As data grows in size, search engines face new challenges in extracting more relevant content for users’ searches. As a result, a number of retrieval and ranking algorithms have been employed to ensure that the results are relevant to the user’s requirements. Unfortunately, most existing indexes and ranking algorithms crawl documents and web pages based on a limited set of criteria designed to meet user expectations, making it impossible to deliver exceptionally accurate results. As a result, this study investigates and analyses how search engines work, as well as the elements that contribute to higher ranks. This paper addresses the issue of bias by proposing a new ranking algorithm based on the PageRank (PR) algorithm, which is one of the most widely used page ranking algorithms We propose weighted PageRank (WPR) algorithms to test the relationship between these various measures. The Weighted Page Rank (WPR) model was used in three distinct trials to compare the rankings of documents and pages based on one or more user preferences criteria. The findings of utilizing the Weighted Page Rank model showed that using multiple criteria to rank final pages is better than using only one, and that some criteria had a greater impact on ranking results than others.
The World Wide Web (WWW) is comprised of billions of web pages containing massive amounts of data. Users can use search engines to find useful information among the vast amount of data available. The current search engines, on the other hand, do not fully satisfy the demand for high-quality information search services. This creates difficulties in retrieving information, and several ranking systems are used to navigate through the search results. For ordering web pages, page rank algorithms are well recognised. Ranking algorithms have evolved into a useful tool for sorting and retrieving relevant web pages based on the user’s interests.
To make use of a wide range of data from the internet, time and money are required to collect and analyse data. Extracting useful information from web data and producing benefit content necessitates data extraction, transformation, and rework. Web crawlers have recently gained popularity as a method of extracting vital information from a website. Because their web crawling behaviour is similar to that of a spider crawling through a web, web crawlers are also known as web spiders. The web crawler regularly visits the web server, gathers vital information on every appended homepage, automates the process of following each link and gathering information, analyses the content of each online page, and attaches to each web page one by one to collect the data.
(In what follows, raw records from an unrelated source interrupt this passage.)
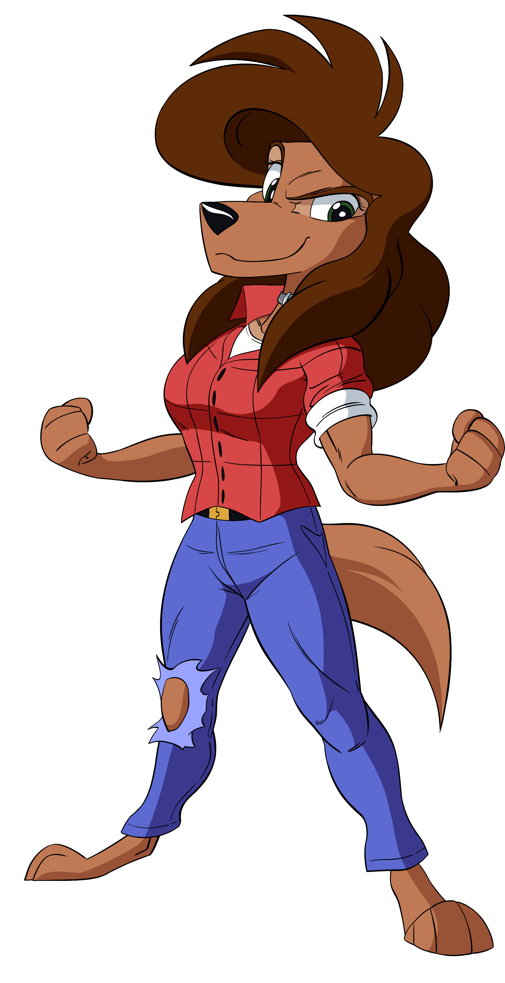 Her older sister Vicky shares the same warm color pallete but amped up to the extreme with much more vibrant brown sugar fur tone, wild unkept hair, a red plad shirt and tattered up jeans. Her outfit funny enough is a recent addition because initally, she was going to wear a jean jacket shirt but just didnt work for her so I went with the plad shirt with rolled up sleeves so that more of her muscles would be showing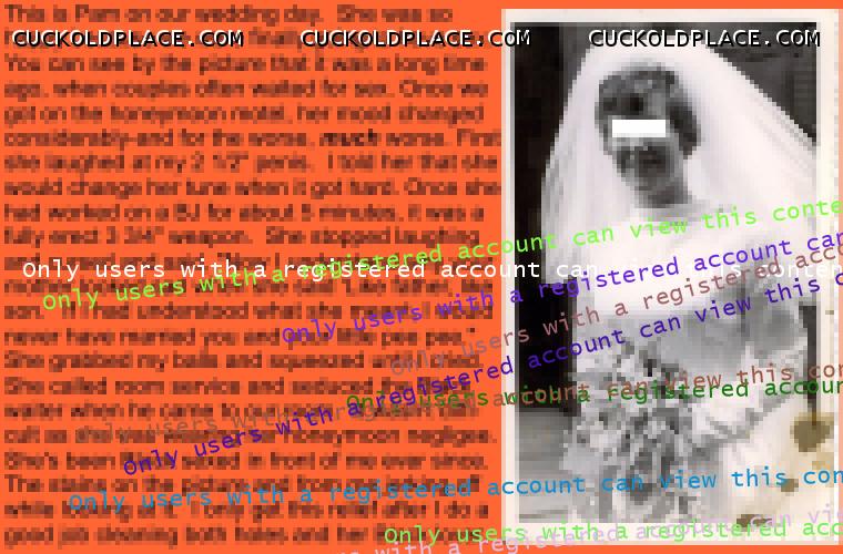 Hello. My master i away just now but he instructed me that if there was any interest in the photo of my wife in her wedding dress, I was to post this more recent pic of her and invite any of you who want to ask any intimate, permisteral questions about her to email me at my very appropriate email address of [email protected]. My master may direct me to send more photos to those who respond but I have none of my wife unclothed as she does not allow me to see her in that state of undress, let alone allow me to have photos.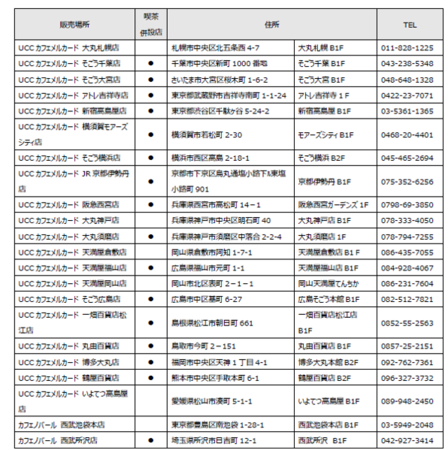 ※喫茶併設店舗にて販売中<参考情報>取り扱い店舗一覧(コーヒー豆の挽き売り業態『UCCカフェメルカード』20店舗、『カフェノバール』2店舗 計22店舗)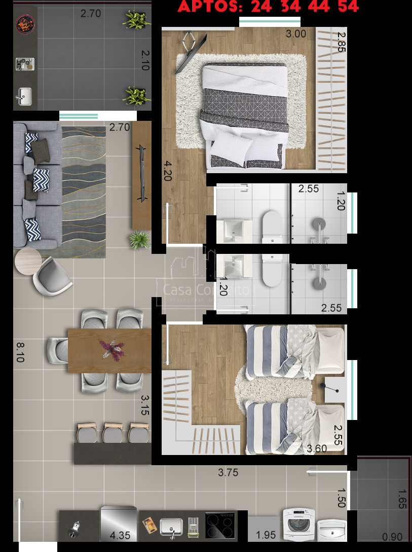 Novo empreendimento a venda na Vila Santana com opções de apartamento de 70m ² a 117 m² com vagas cobertas e descobertas, todos com 2 dormitórios sendo um suíte. Com sacadas a partir do 1 andar, e térreo com quintal.

The Weighted Page Ranking (WPR) is a metric that measures how well web pages are ranked. Web structure and content mining techniques are combined in this manner. The importance of a page is determined by web structure mining, while the relevancy of a page is determined by web content mining. The number of pages that point to or are referred to by a page is defined as its popularity here. It can be computed using the page’s number of in links and out links. Relevancy refers to the page’s compatibility with the executed query. A page becomes more relevant if it is maximally matched to the query.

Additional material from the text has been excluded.